Data to examine:
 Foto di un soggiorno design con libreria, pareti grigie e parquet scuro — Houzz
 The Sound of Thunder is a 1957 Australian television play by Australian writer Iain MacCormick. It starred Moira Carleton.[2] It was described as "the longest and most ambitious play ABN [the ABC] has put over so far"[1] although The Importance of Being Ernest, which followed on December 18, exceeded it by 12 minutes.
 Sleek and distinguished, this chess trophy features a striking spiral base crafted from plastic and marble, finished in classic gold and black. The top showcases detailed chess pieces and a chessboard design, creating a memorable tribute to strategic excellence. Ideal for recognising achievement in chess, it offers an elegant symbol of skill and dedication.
...
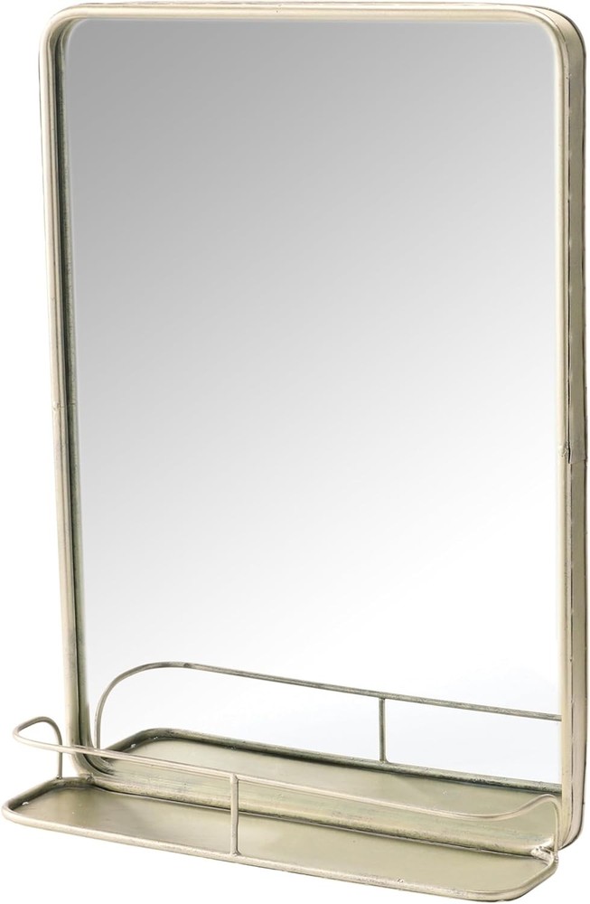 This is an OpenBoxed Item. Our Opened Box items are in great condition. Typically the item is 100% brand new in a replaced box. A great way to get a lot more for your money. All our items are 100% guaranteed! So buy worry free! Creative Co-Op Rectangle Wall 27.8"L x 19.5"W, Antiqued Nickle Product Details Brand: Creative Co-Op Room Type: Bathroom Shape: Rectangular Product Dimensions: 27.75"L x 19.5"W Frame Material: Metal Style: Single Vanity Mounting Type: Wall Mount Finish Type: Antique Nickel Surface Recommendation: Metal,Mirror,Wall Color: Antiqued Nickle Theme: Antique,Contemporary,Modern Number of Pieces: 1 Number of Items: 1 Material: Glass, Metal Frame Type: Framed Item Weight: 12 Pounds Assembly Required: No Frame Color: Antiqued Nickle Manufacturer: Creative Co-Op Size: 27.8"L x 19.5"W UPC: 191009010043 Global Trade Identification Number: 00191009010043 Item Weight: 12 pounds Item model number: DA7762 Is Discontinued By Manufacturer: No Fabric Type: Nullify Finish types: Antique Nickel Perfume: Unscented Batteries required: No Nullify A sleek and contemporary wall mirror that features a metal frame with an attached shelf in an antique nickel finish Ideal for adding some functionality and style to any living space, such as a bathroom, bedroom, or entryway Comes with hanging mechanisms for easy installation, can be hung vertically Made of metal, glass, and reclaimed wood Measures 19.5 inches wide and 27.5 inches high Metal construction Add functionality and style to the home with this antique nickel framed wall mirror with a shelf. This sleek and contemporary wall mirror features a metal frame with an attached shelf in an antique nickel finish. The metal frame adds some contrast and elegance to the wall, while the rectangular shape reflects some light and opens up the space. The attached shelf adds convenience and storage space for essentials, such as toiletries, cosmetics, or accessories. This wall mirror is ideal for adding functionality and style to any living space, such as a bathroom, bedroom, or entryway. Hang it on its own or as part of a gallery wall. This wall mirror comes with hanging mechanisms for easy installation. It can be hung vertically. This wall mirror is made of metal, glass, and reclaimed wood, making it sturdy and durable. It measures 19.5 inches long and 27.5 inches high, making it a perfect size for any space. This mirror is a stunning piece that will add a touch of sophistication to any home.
* * *
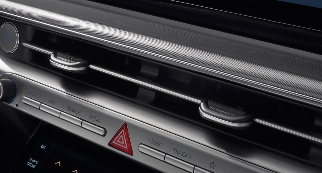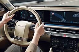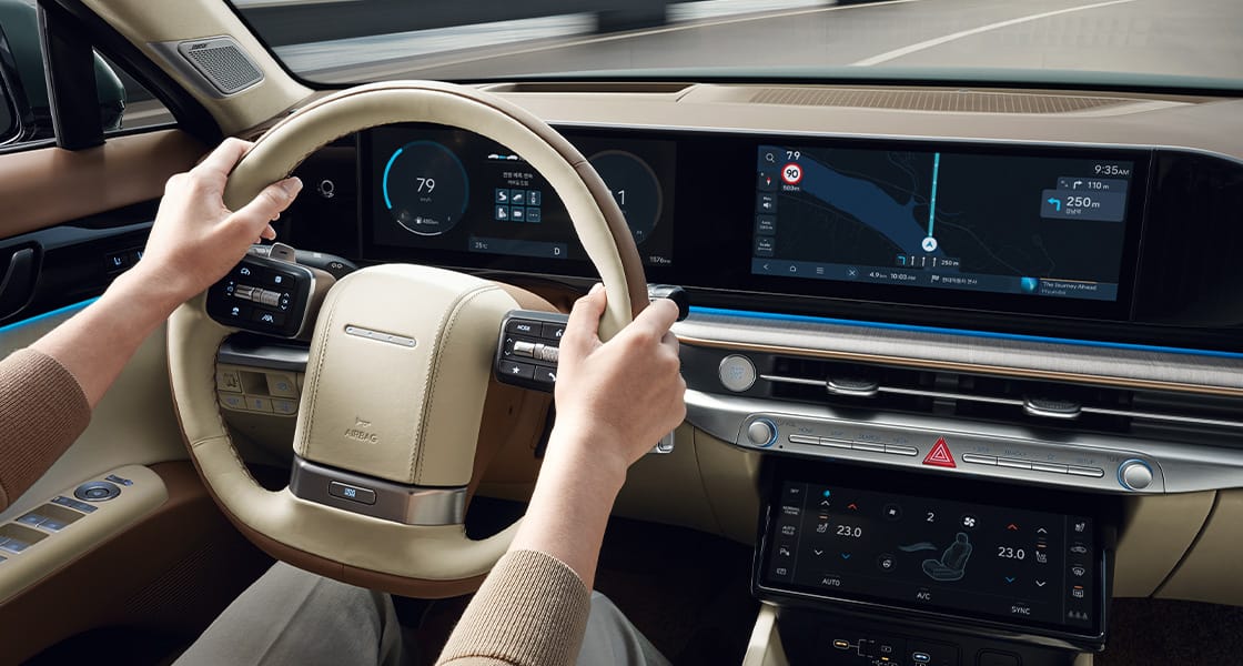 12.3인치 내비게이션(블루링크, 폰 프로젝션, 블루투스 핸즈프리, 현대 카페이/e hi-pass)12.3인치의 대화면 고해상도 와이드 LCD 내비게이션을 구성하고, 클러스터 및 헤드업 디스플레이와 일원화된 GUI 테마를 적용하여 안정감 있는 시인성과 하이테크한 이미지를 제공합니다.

What needs to be done: From the records, copy out each line that includes the string "design".

Reply:
 Foto di un soggiorno design con libreria, pareti grigie e parquet scuro — Houzz
 Sleek and distinguished, this chess trophy features a striking spiral base crafted from plastic and marble, finished in classic gold and black. The top showcases detailed chess pieces and a chessboard design, creating a memorable tribute to strategic excellence. Ideal for recognising achievement in chess, it offers an elegant symbol of skill and dedication.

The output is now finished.